De pronto se acercó a Tremal-Naik y posándole la mano sobre el hombro le dijo:
—Te he dicho que no dejaremos estos lugares si antes tú no vuelves a ver a tu pequeña Darma y nosotros, la piel del Tigre de la India y sabes que Yanez y yo somos hombres capaces de mantener nuestras promesas. Suyodhana otra vez ha huido; en Delhi lo volveremos a encontrar y más rápido quizá de lo que crees.
—¿Seguirlo hasta allá, en estos momentos en los que toda la India septentrional está en llamas? —dijo Tremal-Naik.
—¿Qué importa? ¿Es que quizá no somos hombres de guerra? Señor de Lussac, ¿podría usted hacernos obtener del gobernador de Bengala, en recompensa del servicio que nosotros prestaremos a los ingleses, un salvoconducto que nos permita atravesar la alta India, sin ser inquietados por las tropas operantes?
—Lo espero, capitán, es más, estoy seguro, tratándose de atrapar a un hombre sobre cuya cabeza pesa desde hace veinte años una recompensa de diez mil libras esterlinas.
—¡Atraparlo! No, señor, matarlo —dijo Sandokan fríamente.
—Como quiera.
Sandokan permaneció un momento silencioso, luego retomó:
—Tú un día, Tremal-Naik, me has contado que sobre estas cavernas corre un río.
—Sí, el Mangal.
—Que en un antro se encuentra una puerta de hierro que comunica con aquel río y que tiene un grueso tubo.

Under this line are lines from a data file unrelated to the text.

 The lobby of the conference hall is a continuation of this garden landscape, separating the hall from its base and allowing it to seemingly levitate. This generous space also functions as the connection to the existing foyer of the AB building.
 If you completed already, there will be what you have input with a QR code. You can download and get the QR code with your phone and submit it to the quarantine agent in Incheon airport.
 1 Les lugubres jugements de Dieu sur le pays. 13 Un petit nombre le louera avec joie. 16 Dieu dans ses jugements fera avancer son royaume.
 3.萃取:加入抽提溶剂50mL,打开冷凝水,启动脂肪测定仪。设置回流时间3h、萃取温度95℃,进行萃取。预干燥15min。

—Sí, lo he visto también varias veces durante mi cautiverio —dijo Kammamuri—. Sirve para suministrar agua a los habitantes de los subterráneos.
—¿Sabrían conducirnos a aquella caverna?
—Sí —respondieron los dos indios.
—¿Está lejos?
—Deberemos recorrer cuatro largos corredores y atravesar la pagoda subterránea.

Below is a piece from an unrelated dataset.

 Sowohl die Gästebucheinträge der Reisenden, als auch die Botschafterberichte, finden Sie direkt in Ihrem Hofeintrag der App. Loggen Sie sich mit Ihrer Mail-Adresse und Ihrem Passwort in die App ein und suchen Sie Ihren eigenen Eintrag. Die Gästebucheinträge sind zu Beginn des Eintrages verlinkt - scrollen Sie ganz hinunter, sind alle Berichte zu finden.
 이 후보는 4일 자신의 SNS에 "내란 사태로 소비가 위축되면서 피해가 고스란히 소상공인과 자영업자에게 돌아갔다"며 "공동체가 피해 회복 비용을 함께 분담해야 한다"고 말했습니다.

—Guíanos a aquel antro —dijo Sandokan, con una cruel sonrisa—. ¿Cuántos petardos tienen aún?
—Seis —respondió Kammamuri.
—¿Hay otro pasaje, sin desfondar la puerta de la caverna?
—La galería se bifurca a doscientos pasos de aquí —dijo Kammamuri—. Es por ahí que deben haber huido los thugs que se habían refugiado en la pagoda.
—A mí, tigres de Mompracem —gritó Sandokan—. Aquí combatiremos la última lucha contra los tigres de Rajmangal. ¡A la cabeza Kammamuri y planta tu antorcha en la punta de la carabina! ¡Adelante! ¡La última hora está por tocar para los estranguladores de la India!
ACLARACIONES DE LA TRADUCCIÓN
Patna: Ciudad del noroeste de la India, a orillas del Ganges. Es la capital de Pradesh y centro comercial de productos agropecuarios y artesanías.
Diez mil libras esterlinas: El valor relativo de £10.000,00 en 1857 corresponden a £852.000,00 en 2014, utilizando IPC (índice de precios al consumidor).